Hoofse liefdes met een handvol nootjes

Anne Azéma: Le jeu d'amour. 14 februari, Waalse Kerk, Amsterdam. Herhaling: Nieuwersluis (16), Rotterdam (17), Westzaan (18), Maastricht (20) en Utrecht (21/2).

Het uitvoeren van muziek uit de Middeleeuwen staat gelijk aan beredeneerd gokken. Veelal moet de muzikant het doen met een handvol nootjes waarvan zelfs het ritme niet altijd eenduidig is genoteerd. Daarentegen zijn de teksten gewoonlijk compleet overgeleverd. Dat biedt ten minste enig houvast.

Het is dan ook jammer dat de Organisatie Oude Muziek haar programma's tegenwoordig afdrukt in een vrijwel onleesbaar lila-achtig lettertje. Bij de reeks concerten die de Franse zangeres Anne Azéma deze week geeft is bovendien niet voorzien in een Nederlandse vertaling van de twaalfde- en dertiende-eeuwse trouvère-liederen en moet men zich behelpen met een Engelse versie.

Maar Gelukkig is Azéma een zangeres die drommels goed weet wat ze zingt, zodat de toehoorders bij het eerste concert in de Amsterdamse Waalse Kerk toch een goede indruk kregen van het karakter van de verschillende lais en chansons.

De bloemlezing die Azéma heeft samengebracht onder de titel Le jeu d'amour is rijkgeschakeerd en dikwijls verrassend. Naast liederen waarin de hoofse liefde, het vaste thema van de trouvères, bezongen wordt prijken snaakse, bijna volkse wijsjes. Bovendien heeft Azéma bij voorkeur teksten gekozen die vanuit het vrouwelijk perspectief zijn geschreven (zij het waarschijnlijk niet door vrouwen).

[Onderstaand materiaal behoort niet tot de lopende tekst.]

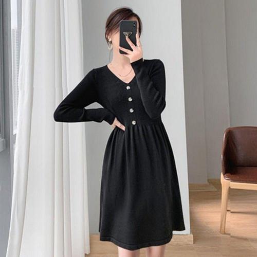 [오너클랜]인기상품 블랙 미디 골지 버튼 니트 원피스 하객룩 롱 스커트 [WFLHTZB_260227]
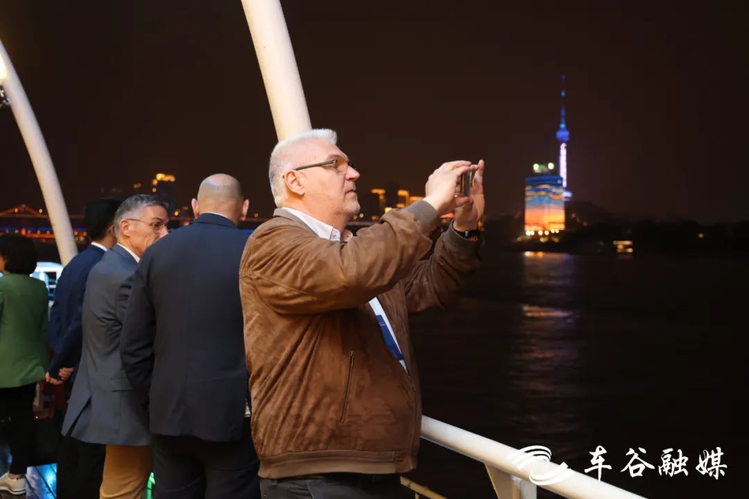汉口江滩王家巷码头迎来了参加2024中外企业家车谷论坛的百余名中外企业家及嘉宾。从塞纳河畔到长江之滨,来自法国的嘉宾登上“船长9号”游轮,沿江溯流而上,沉浸式感受江城夜色,共话合作新机遇。

Binnen de grenzen van wat historisch verantwoord is, laten de zangeres en haar drie begeleiders geen middel onbeproefd om de liederen tot leven te brengen. Het programma is geen recital, maar een doorlopend geheel waarin zang, declamatie, en instrumentale tussenspelen elkaar afwisselen. Het eerste gedeelte is overwegend introvert van toon, in het tweede daarentegen overheersen uitbundige danswijsjes met een soms moeilijk grijpbare ritmische structuur, die in de verte aan Balkan-muziek doen denken.

Het aandeel van de instrumentalisten, Margriet Tindemans en Shira Kammen, wier zoetvloeiende vedel- en harpklanken prachtig versmelten met het fluitspel van Jesse Lepkoff, is minstens zo belangrijk als dat van de zangeres. Het driestemmige Je muir van Adam de la Halle, waarin de drie dames zich kortstondig verenigen tot een vocaal trio, is zelfs een van de hoogtepunten van het concert.

Overigens is het juist deze begeleiding die berust op giswerk. Niemand weet hoe deze muziek acht eeuwen geleden werd uitgevoerd. De instrumentale 'arrangementen', en vooral de manier waarop Kammen en Tindemans hun partijen in elkaar laten grijpen, vraag- en antwoordspelletjes spelen en noten aan elkaar doorgeven, zijn bij wijlen zo geraffineerd dat ze eerder doen denken aan klassieke kamermuziek. Het is eigenlijk te mooi om waar te zijn.

Gelukkig maken Azéma en haar begeleiders daar ook geen aanspraak op. Ze weten dat hun interpretatie niet meer is dan een van de vele mogelijke waarheden. Maar dat hun herscheppend werk de schoonheid van deze eeuwenoude muziek aan het licht brengt, lijdt geen twijfel.